_Dataset section_
━━━━━━━━

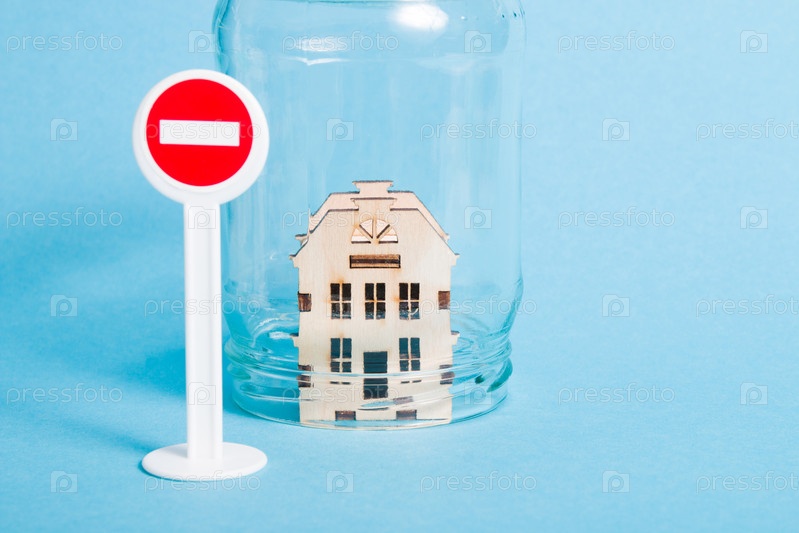 Модель деревянного дома под стеклянной банкой, красный знак остановки рядом, синий фон, пространство для копирования, концепция карантина, защита дома, страхование недвижимости
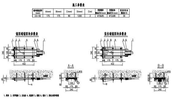 7.安装锚块。固定端锚块侧面螺栓强度建议用12.9级以上,锚块两端的楔形孔小孔均是朝内,高强螺杆,建议用10.9级以上。
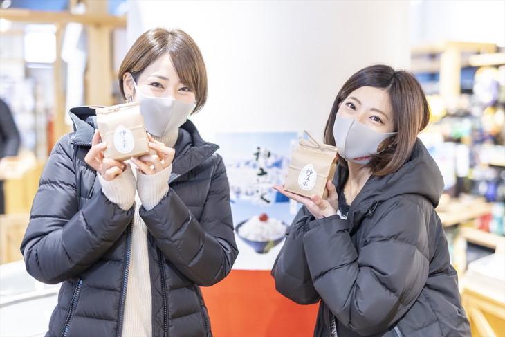 私がお土産におすすめしたいのは、地元で育てたお米「神立米」です。水の美味しい湯沢ならでは!神立内で作られているお米なんです。本当に美味しいので、自宅に戻ったら炊いて食べてみてください。もらっても喜ばれると思います。
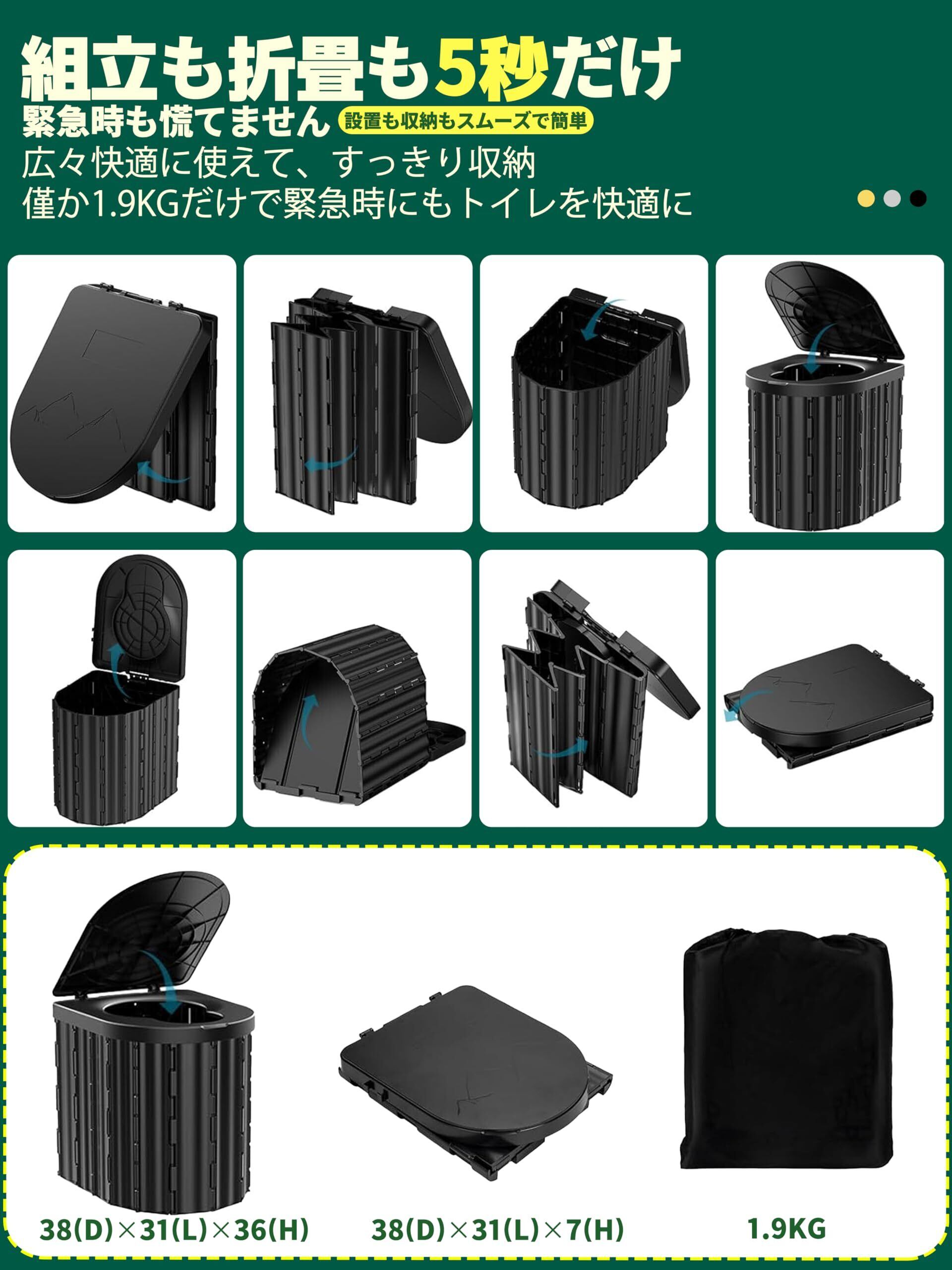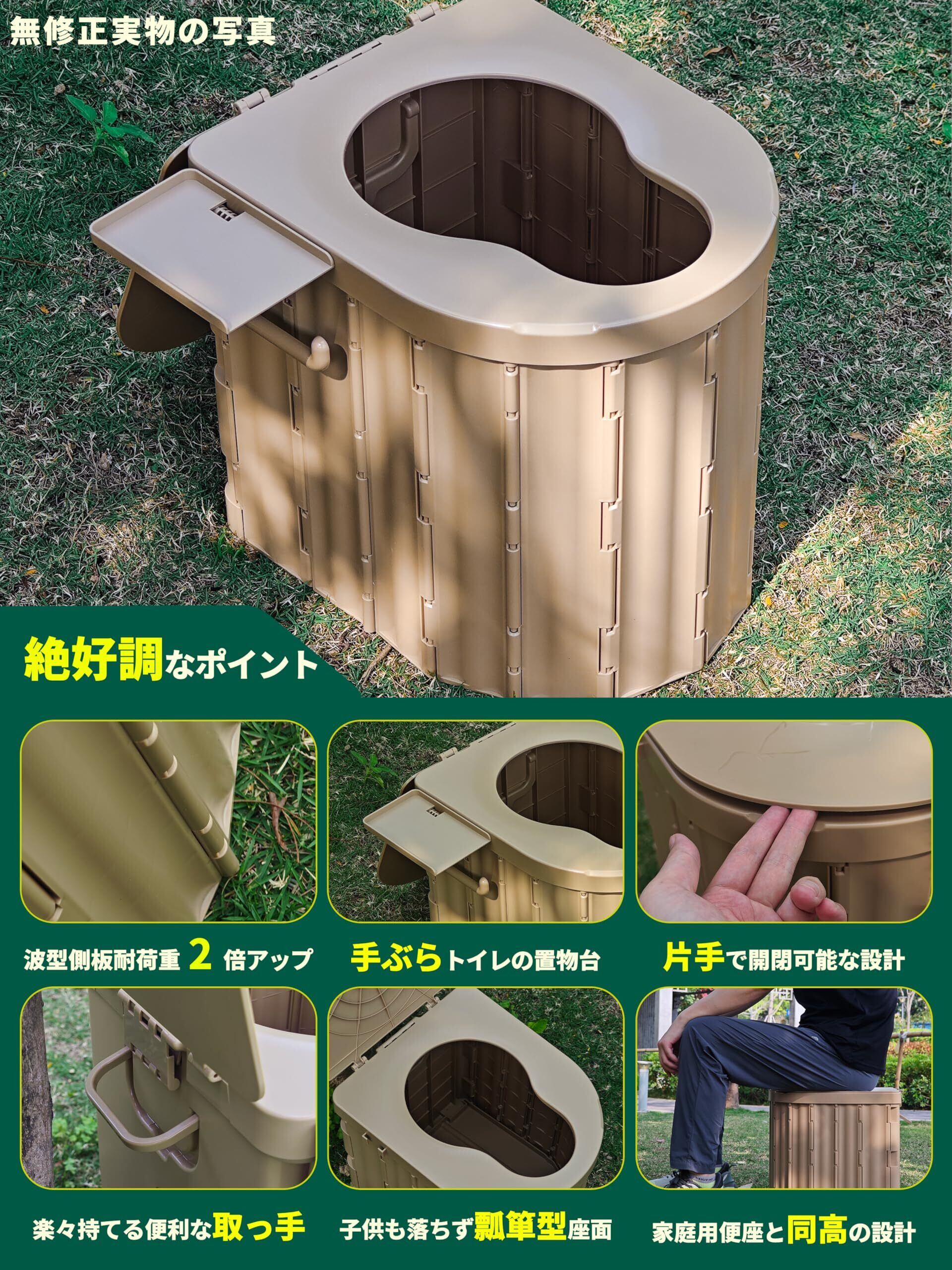多様シーンと大体重にも対応:アウトドア・断水・高速渋滞・介護など、あらゆる状況で快適にご利用いただけます。材質と構造を徹底的に進化、従来品により耐荷重2倍もアップ、最大200kgの重量も対応!さらに、収納時にも場所を取らないコンパクト設計で、いつでもどこでも便利にご利用いただけます。

━━━━━━━━

_Exercise instructions_
Except for the pictures, print the data above exactly.

_Result of the exercise_
 Модель деревянного дома под стеклянной банкой, красный знак остановки рядом, синий фон, пространство для копирования, концепция карантина, защита дома, страхование недвижимости
 7.安装锚块。固定端锚块侧面螺栓强度建议用12.9级以上,锚块两端的楔形孔小孔均是朝内,高强螺杆,建议用10.9级以上。
 私がお土産におすすめしたいのは、地元で育てたお米「神立米」です。水の美味しい湯沢ならでは!神立内で作られているお米なんです。本当に美味しいので、自宅に戻ったら炊いて食べてみてください。もらっても喜ばれると思います。
多様シーンと大体重にも対応:アウトドア・断水・高速渋滞・介護など、あらゆる状況で快適にご利用いただけます。材質と構造を徹底的に進化、従来品により耐荷重2倍もアップ、最大200kgの重量も対応!さらに、収納時にも場所を取らないコンパクト設計で、いつでもどこでも便利にご利用いただけます。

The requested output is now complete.